Wasserstein Distance

Overview

Wasserstein distance (Earth Mover’s Distance) measures the minimum “cost” to transform one probability distribution into another. In data generation models like GARAGE, it quantifies the level of similarity between the real scRNA-seq data distribution and the generated synthetic data distribution.

Intuition: Given two distributions (real data \(P\) and generated data \(Q\)), the Wasserstein distance is the minimum amount of “mass” that must be moved — weighted by distance — to transform \(P\) into \(Q\).

Advantages

  • Works well for distributions that may not perfectly overlap.

  • Captures spatial/geometric relationships in the data.

  • Provides a single scalar that can be compared across datasets and models.

Limitations

  • Computationally expensive for large datasets (exact solution via Optimal Transport is \(O(n^3)\)).

  • Approximate solutions (Sinkhorn) reduce cost but introduce a regularisation bias.

  • Should be complemented with clustering-based metrics (ARI, NMI, F1).


Wasserstein Distance in GARAGE

After generating synthetic cell samples with GARAGE, the Wasserstein distance is computed between the generated and real data distributions. A small Wasserstein distance (e.g., \(\ll 0.1\) for normalised data) indicates that the synthetic data closely matches the real data.

Running the Computation

# Example: compute WD between real CBMC and generated output
python -m data_generation.wasserstein_distance \
    --dataset cbmc \
    --gen_csv data/gen_data/cbmc_data_mixdata_iter3_top_426.csv

The script:

  1. Loads the real expression matrix (via config.py).

  2. Loads the generated data CSV.

  3. Normalises both matrices to sum-to-1 probability distributions.

  4. Computes the pairwise Euclidean distance matrix.

  5. Runs Optimal Transport (ot.emd2) to compute the exact Earth Mover’s Distance.

Implementation Reference

See data_generation/wasserstein_distance.py for the full implementation.
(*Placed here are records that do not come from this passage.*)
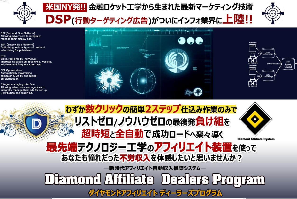 わずか合計5クリックで収入発生!金融ロケット工学から生まれた最新マーケティング技術を使って超時短と全自動で成功ロードへ導く「ダイヤモンドアフィリエイトシステム(DAS)」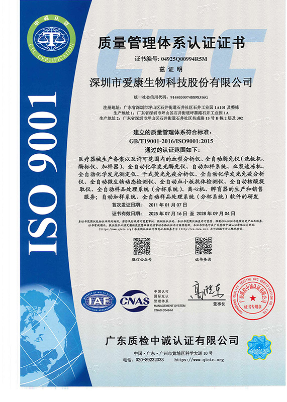 深圳市愛康生物科技股份有限公司成立于2003年,是一家專業(yè)從事醫(yī)療設(shè)備及體外診斷試劑產(chǎn)品研發(fā),集生產(chǎn)、銷售和售后服務(wù)于一體的國家高新技術(shù)企業(yè)。愛康生物擁有酶免、血型、化學(xué)發(fā)光、POCT四大平臺產(chǎn)品,致力于為醫(yī)院、血站等臨床檢驗機構(gòu)提供優(yōu)質(zhì)的產(chǎn)品及專業(yè)的服務(wù)。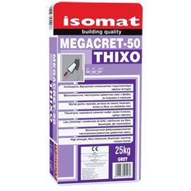 MEGACRET-50 THIXO de la Isomat este un mortar de reparații tixotropic, armat cu fibre, cu rezistențe mecanice ridicate, ideal pentru betonul puternic solicitat, la sac de 25kg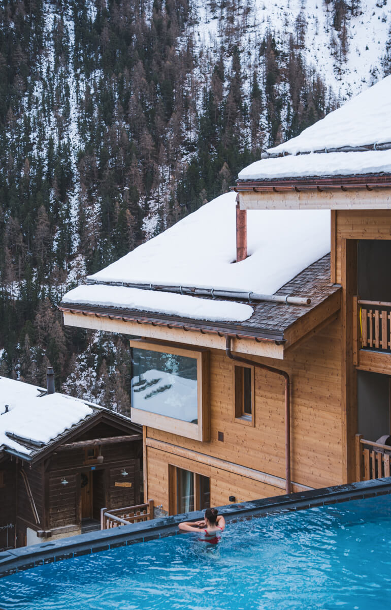 Gönnen Sie sich einen Moment purer Entspannung im Wellnessbereich der 5-Sterne- Ferienanlage Guernerés in Grimentz. Lassen Sie sich von der wohltuenden Wärme des 20 x 9 Meter großen, beheizten Innen- und Außenpools umhüllen, einer wahren Oase der Ruhe. Verlängern Sie das Erlebnis im Nassbereich zwischen Hammam, Sauna, Erlebnisduschen und Entspannungsbereich mit Liegestühlen. Im Außenbereich können Sie sich auf der Terrasse mit Blick auf die umliegenden Berggipfel erholen. Ein elegantes und intimes Ambiente, ideal, um nach einem Tag in den Bergen neue Energie zu tanken und im Herzen der Schweizer Alpen Ruhe, Ausgeglichenheit und Entspannung zu finden.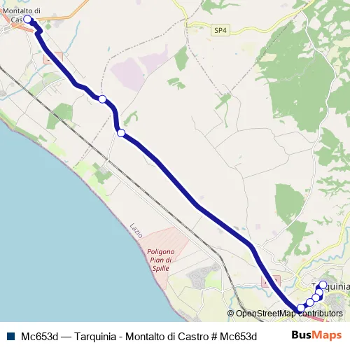 Bus Mc653d - Tarquinia - Montalto di Castro # Mc653d Schedule in Tarquinia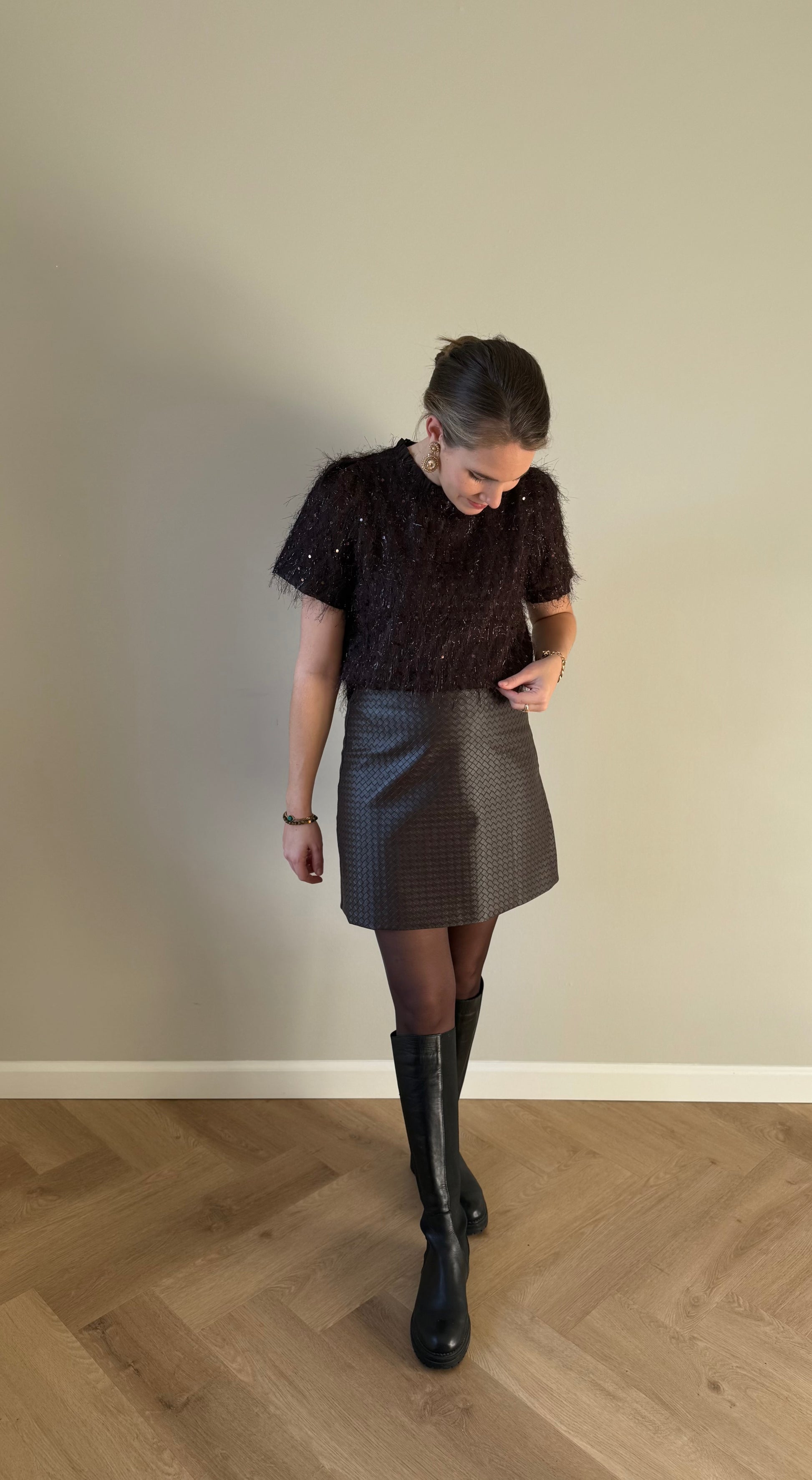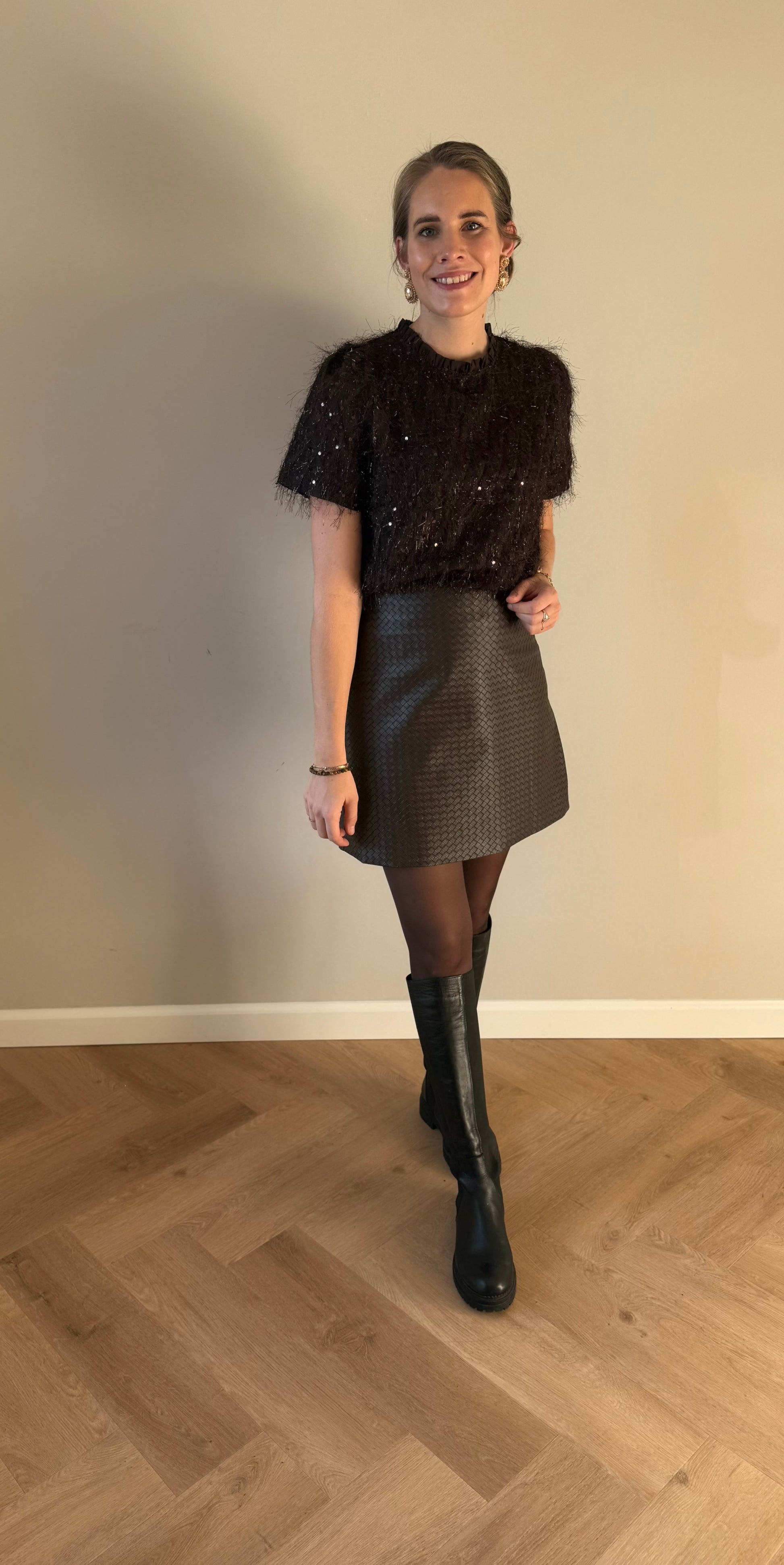 Deze stijlvolle mini-rok heeft een luxe structuurprint en een flatterende A-lijn pasvorm. Perfect te combineren met zowel een glittertop als een knit voor een elegante, moderne look.

Key snippet:

import ot
from scipy.spatial.distance import cdist

unifs1 = real_data / len(real_data)
unifs2 = gen_data / len(gen_data)
dist_mat = cdist(unifs1, unifs2, metric='euclidean')
emd_dist = ot.emd2(
    np.ones(len(real_data)) / len(real_data),
    np.ones(len(gen_data)) / len(gen_data),
    dist_mat,
    numItermax=100000
)

What Good Scores Look Like

Dataset

Cells

Typical WD

Interpretation

Yan

124

< 0.01

Excellent match on small datasets

Pollen

301

< 0.02

Tight fit

CBMC

7,895

< 0.005

Near-perfect on large datasets

Muraro

2,126

< 0.01

Strong match

Improving Wasserstein Distance

If your WD is high:

  1. Train the GAN for more iterations (increase gan_total_iters in config.py).

  2. Increase the leakage fraction \(\lambda\) (e.g., from 0.2 to 0.3).

  3. Adjust the generator/discriminator learning rates.

  4. Check that the generated output includes all cell types (no mode collapse).